Physicians vary in their thoroughness and diagnostic accuracy, and
medical records may not contain accurate data about processes or outcomes or
care. Such potentials for bias in a
given dataset do not preclude its use, but rather, require that the user and
reader be aware of the potential limitations.
Datasets
might not be appropriate for the research question for several reasons. They may lack sufficient detail to provide
adequate severity of illness, comorbidity, or diagnosis data on patients. Studies that seek to follow patients across
multiple hospitalizations or to incorporate data from several datasets will
require unique patient identification information that may be lacking in a
particular dataset. Older datasets may
be inappropriate for researchers questioning a current practice. No single dataset will address all research
questions. As an example, the APACHE
III{Knaus, Wagner, et al. 1991 ID: 36} and MPM II{Lemeshow, Teres, et al. 1993 ID: 159} development
datasets, while rich in clinical detail, do not contain variables for answering
quality of life questions.
Just as the
methods for outcomes research differ from clinical trials, the data sources
also differ. Often times the data
source is labeled, either by the authors or the readers, as "administrative,"

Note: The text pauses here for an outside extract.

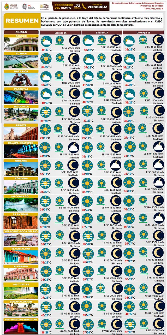 A lo largo de Veracruz continuará ambiente muy caluroso y bochornoso con bajo potencial de lluvias. Se recomienda consultar actualizaciones y el Aviso Especial por ola de calor. Extreme precauciones ante las altas temperaturas
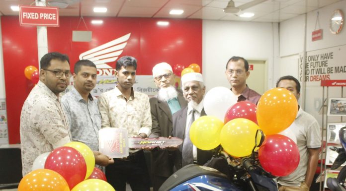 স্টাফ রিপোর্টার।। বাংলাদেশ হোন্ডা প্রাঃ লি. সমগ্র বাংলাদেশ জুড়ে একটি র্যফেল ড্র আয়োজন করে। যেখানে একটি CB HORNET 160R কিনলে লটারীর মাধ্যমে আরো একটি CB HORNET 160R পাবার সুযোগ করে দেয় বাংলাদেশ হোন্ডা প্রাঃ লি.। এ র্যাফেল ড্রতে বাংলাদেশের ১৬ জন বিজয়ী হন। এই প্রোগ্রামের আওতায় ভোলা সদর হোন্ডা মটরসাইকেলের একমাএ অনুমোদিত ডিলার "আবরার মটরস" হতে একটি CB HORNET...

a term used frequently in order to describe datasets collected for purposes
other than research. This is an
inappropriately broad term in that it groups data sources that vary widely in
form, function, and content. To address
this, we present the taxonomy recently proposed by the ATS that classifies
secondary datasets based on their administrative purpose, such as encounter,
enrollment, or clinical trial. This
taxonomy is summarized in Table 2 with examples and described in detail
below. The different databases present
varying challenges in maintaining patient confidentiality. Although this is an area of current debate,
we will not address it in this essay.
Encounter
datasets represent databases whose purpose is to maintain a record of health
care encounters, typically maintained by payers, to track reimbursement. Data are often grouped by ambulatory care
visit or hospital admission. However,
these data can be summed to generate data on a region and if unique patient
identifiers are available, can also be linked to create a longitudinal history
for individual patients.
There
is considerable variation in the quality and detail of these datasets. For example, datasets may allow different
numbers of diagnoses or procedure codes, and may vary in detail regarding ICU
utilization.{Iezzoni 1990 ID: 3204}
When data are collected for billing purposes, financial incentives
driving the data collection can impair its value but may increase validity
because coding is tied to reimbursement.{Jollis, Ancukiewicz, et al. 1993 ID:
625}{Iezzoni, Foley, et al. 1992 ID: 2113}{Mitchell 1998 ID: 3285}
Datasets
coded by medical records departments suffer from the vagueness of the ICD-9-CM
system and the errors inherent in the abstraction process.{Romano, Roos, et al. 1994 ID: 3205}
Analyses based on variables available in encounter data may miss
important relationships present in detailed clinical data.{Poses, Smith, et al. 1995 ID: 3206}
Authors presenting results from such studies should therefore clearly
specify the characteristics of the dataset and its limitations.
There are
three major sources of encounter data: federal government, state government,
and private insurance companies.
In administering Medicare, the Health Care
Financing Administration (HCFA) processes enormous amounts of beneficiary,
billing, and institutional data. Most
of the data are publicly available through HCFAs Office of Statistics and Data
Management, Bureau of Data Management and Strategy. Since 1991, all institutional providers and physician claims are
entered into the National Claims History (NCH) 100% Nearline File that contains
all claims submitted by Medicare beneficiaries. These files are enormous with over 2.5 billion records{Health Care Financing Administration 1995 ID:
3215} and require extensive skill to work
with. Researchers can purchase
confidential data extracted from the NCH files and configured into analytic
files.
A common
extracted file contains information on inpatient stays and is called the
Medicare Provider Analysis Review (MEDPAR).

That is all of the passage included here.